§ Brief: A faithful copy is required of the lines from the top of the entries through the line that contains "新娘不時(shí)向外觀看,想知道別人怎么看待。", both included, with no pictures.

━━━━━━━━

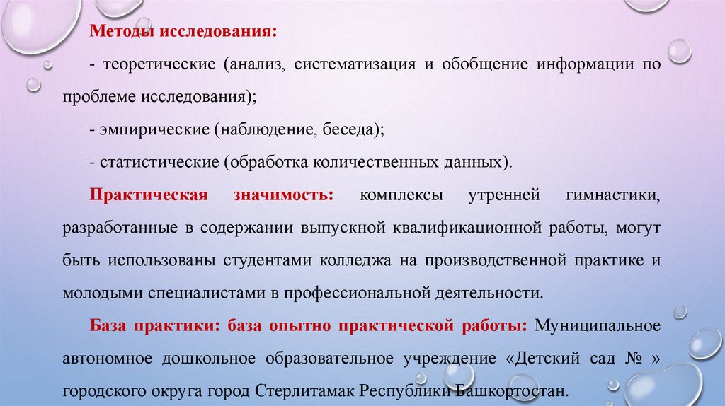 Методы исследования:- теоретические (анализ, систематизация и обобщение информации по
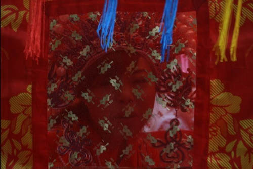 新娘不時(shí)向外觀看,想知道別人怎么看待。
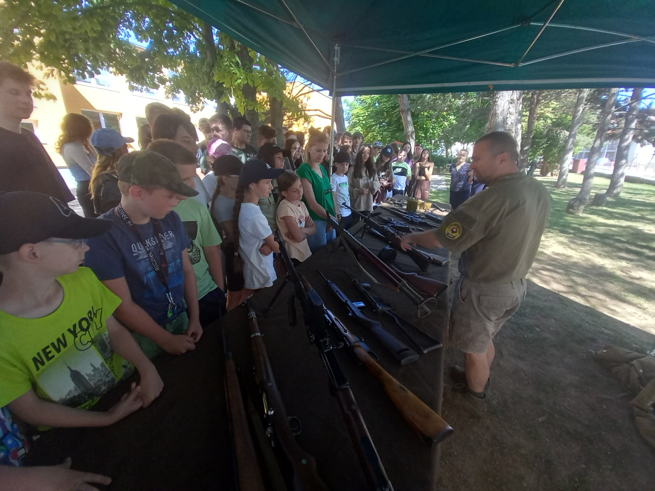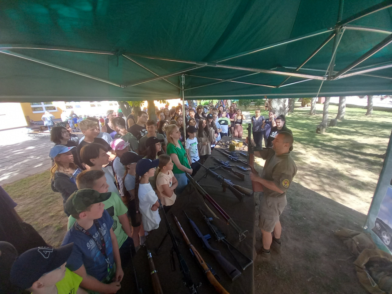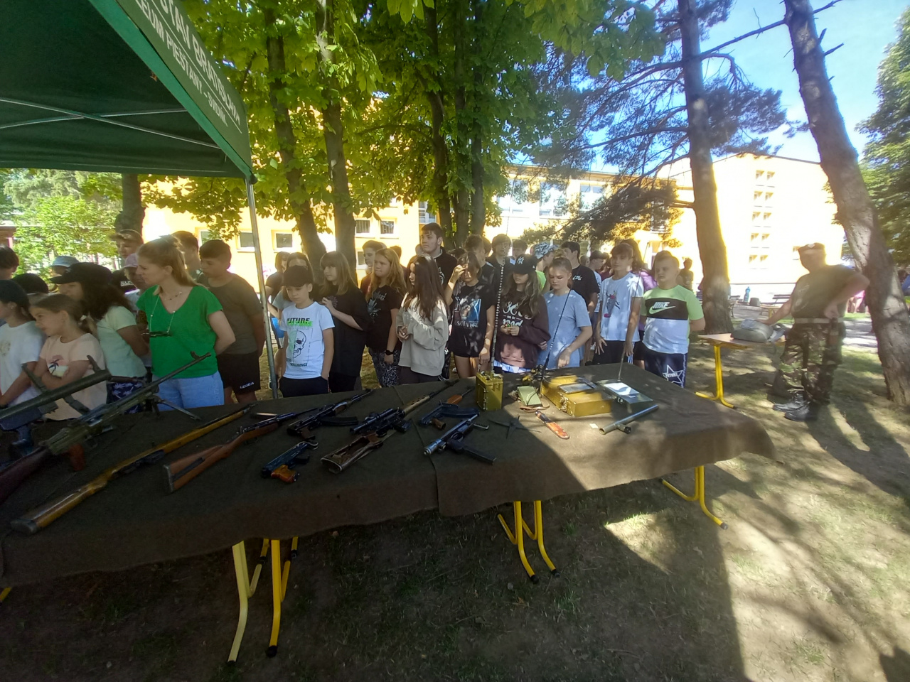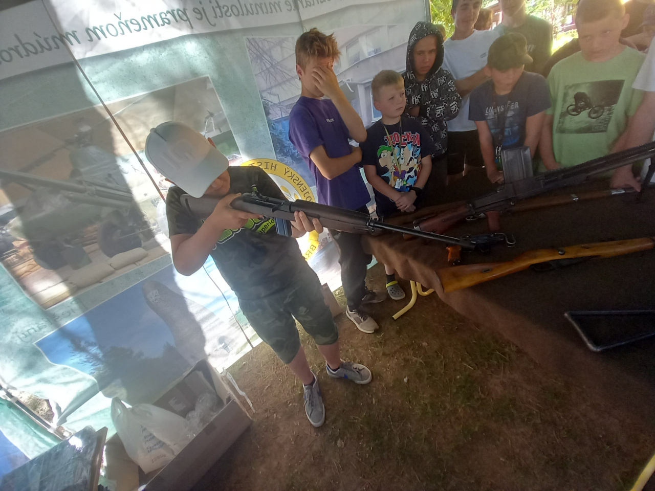 Príslušníci Čestnej stráže Ozbrojených síl SR v rámci zaujímavého programu predviedli vo vonkajších priestoroch základnej školy slávnostný pochod a mnoho atraktívnych cvikov so zbraňou. Ich druhou ukážkou bolo zaistenie ozbrojeného páchateľa s použitím sebaobrany a celej rady bojových prvkov, ktoré deti s nefalšovaným záujmom sledovali. Jedným z účastníkov akcie bol aj Vojenský historický ústav, ktorý zastupovali naši vojenskí múzejníci z pracoviska v Piešťanoch. Úlohou našich vojenských múzejníkov bolo priblížiť deťom vojenskú výzbroj, výstroj a techniku, ktorú používali armády na území Slovenska od vzniku Československej republiky až po súčasnosť. Medzi iným im ukázali aj historickú spojovaciu techniku výsadkových a prieskumných jednotiek. Deti sa oboznámili aj s „mínohľadačkou“, ktorá patrila medzi technické prostriedky ženijného vojska. Malí záujemcovia o vojenskú minulosť Slovenska dostali možnosť „poťažkať“ si zbierkové predmety – delaborované ručné palné zbrane. No atrakciou prezentácie sa stalo pozorovanie priestoru pomocou periskopu pre prieskumníkov. Žiaci dostávali počas návštevy nášho prezentačného stánku rôzne otázky z vojenských dejín Slovenska a za správne odpovede boli odmenení prezentačnými materiálmi z dielne Ministerstva obrany SR a Vojenského historického ústavu. Múzejníci pri práci s miestnymi deťmi zúročili znalosti, ktoré získali prostredníctvom mnohopočetných návštev ich vrstovníkov v stálych expozíciách piešťanského Vojenského historického múzea. Na podujatí bol priblížený aj život príslušníkov Ozbrojených síl SR pôsobiacich na zahraničných misiách. Prispela k tomu aj prezentácia knihy pod názvom Plukovník OSN, ktorú deťom predstavil jej autor pplk. v. v. Dr. Bernard Roštecký, pričom niekoľko výtlačkov knihy daroval miestnej škole. Pri príležitosti tohto podujatia venoval minister obrany Jaroslav Naď škole rozsiahlu publikáciu Vojenské dejiny Slovenska a Slovákov, ktorú spracoval kolektív autorov Vojenského historického ústavu. Program obohatili aj príslušníci Klubu vojenských výsadkárov Banská Bystrica s praktickou ukážkou padáka, a podelením sa s mnohými príbehmi zo života výsadkárov. Po moderátorovom ukončení podujatia nasledovalo poďakovanie riaditeľky základnej školy i starostu obce za zaujímavý program, ktorý zvýšil historické povedomie nielen žiakov a ich rodičov, ale aj zamestnancov školy.
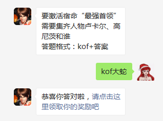 要激活宿命“最强首领”需要集齐人物卢卡尔、高尼茨和谁?这是今日拳皇98终极之战online每日一题的问题,相信有很多玩家都想知道这个问题的真正答案,接下来小编为大家带来了今日每日一题的答案,想要知道答案的玩家可以接着往下看。
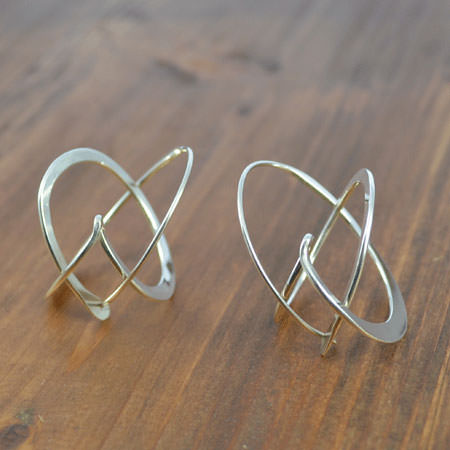 These amazing Australian sterling silver earrings are handmade by using traditional techniques such as hand forging and anticlastic hammering. This creates the superior flex in the silver which is needed for the design.
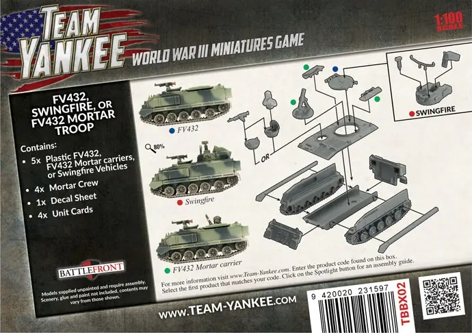 Includes five plastic FV432 Armoured Personnel Carriers, which can also be assembled as mortar carriers or Swingfire guided missile vehicles, six resin vehicle commander figures, eight resin mortar crew, decal sheet & four unit cards.

━━━━━━━━

§ Exercise answer:
 Методы исследования:- теоретические (анализ, систематизация и обобщение информации по
 新娘不時(shí)向外觀看,想知道別人怎么看待。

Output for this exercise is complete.